▸ **About this task**
Starting at the line below with "Týdenní plány 1. tříd" and stopping at the line with "A kids’ Christmas", please print each line exactly, those two included, and skip every picture.

▸ **Given information**
== == ==

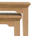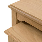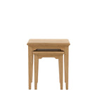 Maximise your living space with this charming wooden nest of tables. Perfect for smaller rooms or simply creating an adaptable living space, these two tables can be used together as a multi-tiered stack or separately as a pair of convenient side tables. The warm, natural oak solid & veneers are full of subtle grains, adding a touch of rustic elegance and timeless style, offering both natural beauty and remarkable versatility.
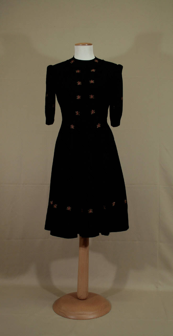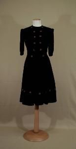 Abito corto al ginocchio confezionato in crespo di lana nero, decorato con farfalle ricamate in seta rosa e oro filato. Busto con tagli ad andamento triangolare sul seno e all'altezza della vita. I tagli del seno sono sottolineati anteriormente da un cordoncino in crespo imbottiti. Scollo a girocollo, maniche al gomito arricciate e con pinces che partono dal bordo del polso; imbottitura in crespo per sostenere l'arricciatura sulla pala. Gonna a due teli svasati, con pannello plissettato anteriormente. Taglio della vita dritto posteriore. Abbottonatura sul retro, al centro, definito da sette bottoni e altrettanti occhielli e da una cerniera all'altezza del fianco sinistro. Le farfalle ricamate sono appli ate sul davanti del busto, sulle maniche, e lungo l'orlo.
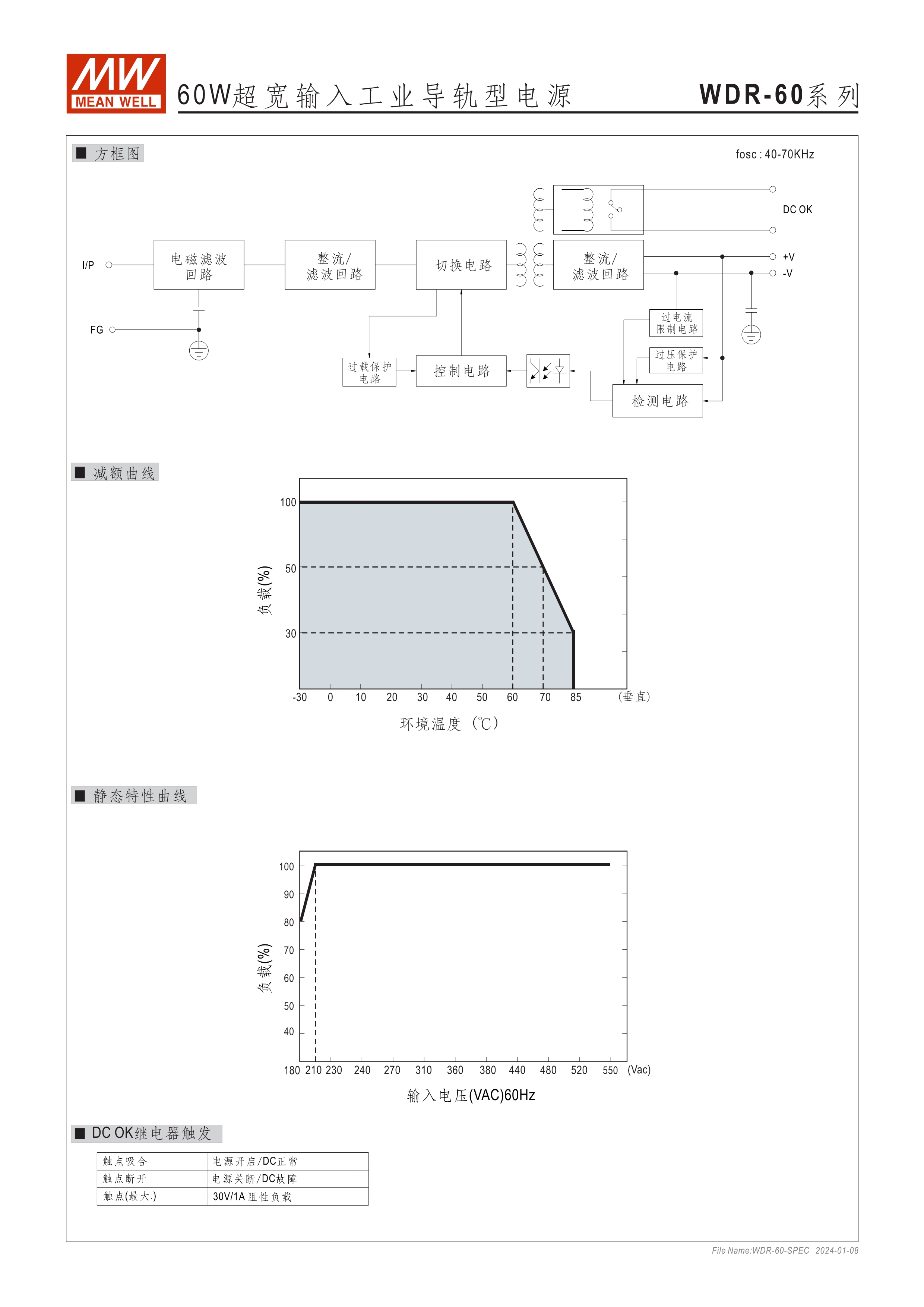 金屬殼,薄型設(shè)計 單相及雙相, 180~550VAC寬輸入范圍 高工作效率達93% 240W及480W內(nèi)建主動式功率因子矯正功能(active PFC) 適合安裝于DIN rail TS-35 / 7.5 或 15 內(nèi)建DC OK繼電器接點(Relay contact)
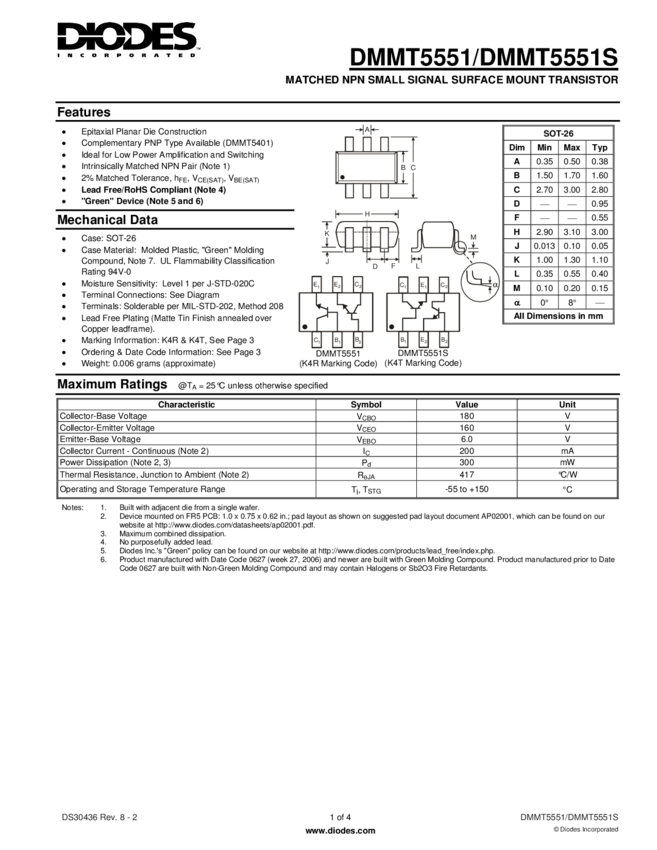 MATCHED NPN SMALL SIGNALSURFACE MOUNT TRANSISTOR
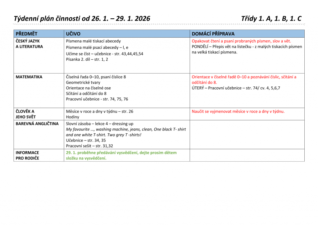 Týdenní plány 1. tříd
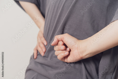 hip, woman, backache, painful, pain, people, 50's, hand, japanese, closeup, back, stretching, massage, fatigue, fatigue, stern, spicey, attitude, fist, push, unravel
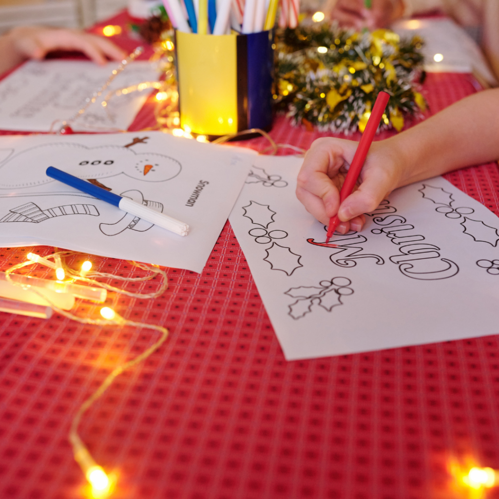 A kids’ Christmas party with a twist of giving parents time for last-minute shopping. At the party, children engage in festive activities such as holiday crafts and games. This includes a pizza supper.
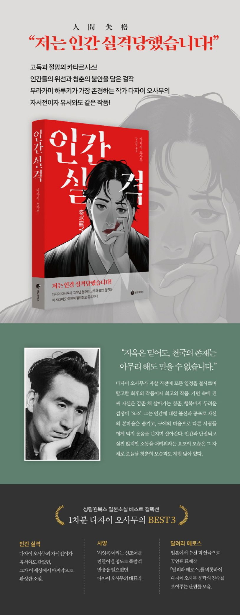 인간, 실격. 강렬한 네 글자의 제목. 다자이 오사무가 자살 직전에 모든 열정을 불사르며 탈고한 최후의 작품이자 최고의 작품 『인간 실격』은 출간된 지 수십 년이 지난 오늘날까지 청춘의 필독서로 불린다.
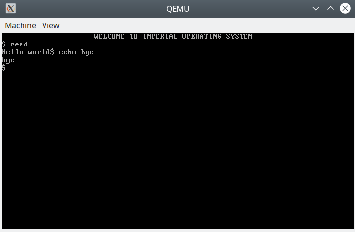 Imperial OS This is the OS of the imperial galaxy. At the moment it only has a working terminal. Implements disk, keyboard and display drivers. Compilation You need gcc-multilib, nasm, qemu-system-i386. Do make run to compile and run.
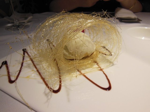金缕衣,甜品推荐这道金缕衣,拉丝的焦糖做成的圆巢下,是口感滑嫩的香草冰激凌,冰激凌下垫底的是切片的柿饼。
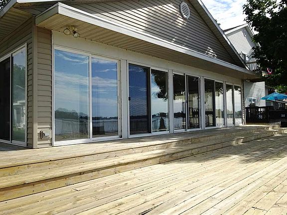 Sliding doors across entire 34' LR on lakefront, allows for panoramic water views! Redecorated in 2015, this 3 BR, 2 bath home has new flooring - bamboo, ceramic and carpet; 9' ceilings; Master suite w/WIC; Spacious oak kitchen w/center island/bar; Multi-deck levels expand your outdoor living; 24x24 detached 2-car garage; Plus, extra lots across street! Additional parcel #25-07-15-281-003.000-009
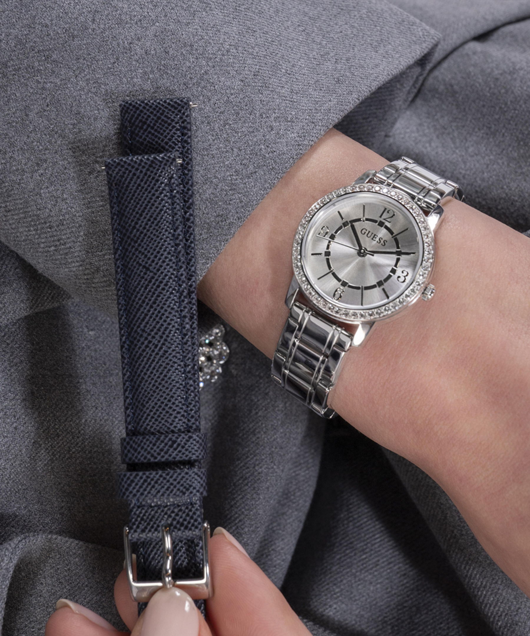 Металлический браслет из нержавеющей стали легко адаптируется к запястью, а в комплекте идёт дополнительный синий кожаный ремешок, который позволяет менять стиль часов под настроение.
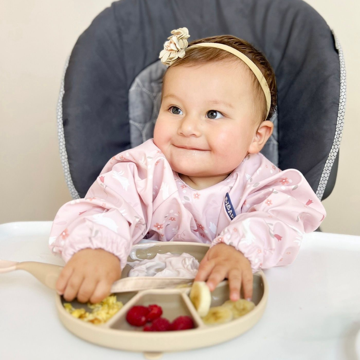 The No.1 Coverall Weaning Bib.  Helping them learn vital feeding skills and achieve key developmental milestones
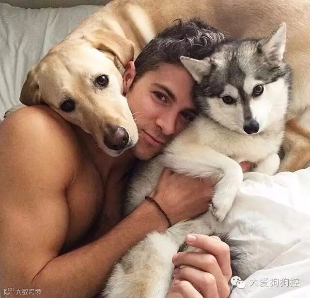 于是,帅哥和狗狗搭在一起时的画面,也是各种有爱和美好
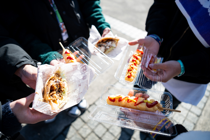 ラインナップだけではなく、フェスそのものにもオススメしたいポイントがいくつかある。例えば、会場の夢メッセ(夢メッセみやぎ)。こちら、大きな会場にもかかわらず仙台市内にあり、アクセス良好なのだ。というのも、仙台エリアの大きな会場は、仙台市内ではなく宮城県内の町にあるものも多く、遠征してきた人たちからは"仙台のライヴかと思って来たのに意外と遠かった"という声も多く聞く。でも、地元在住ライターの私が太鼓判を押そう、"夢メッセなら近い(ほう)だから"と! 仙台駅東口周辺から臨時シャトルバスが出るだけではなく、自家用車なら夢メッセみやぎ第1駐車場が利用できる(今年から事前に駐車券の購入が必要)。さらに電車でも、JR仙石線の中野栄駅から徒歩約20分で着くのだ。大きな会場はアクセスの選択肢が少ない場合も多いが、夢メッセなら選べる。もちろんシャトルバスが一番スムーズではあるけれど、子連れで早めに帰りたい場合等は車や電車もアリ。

== == ==

▸ **Result of this exercise**
 Týdenní plány 1. tříd
 hip, woman, backache, painful, pain, people, 50's, hand, japanese, closeup, back, stretching, massage, fatigue, fatigue, stern, spicey, attitude, fist, push, unravel
 A kids’ Christmas party with a twist of giving parents time for last-minute shopping. At the party, children engage in festive activities such as holiday crafts and games. This includes a pizza supper.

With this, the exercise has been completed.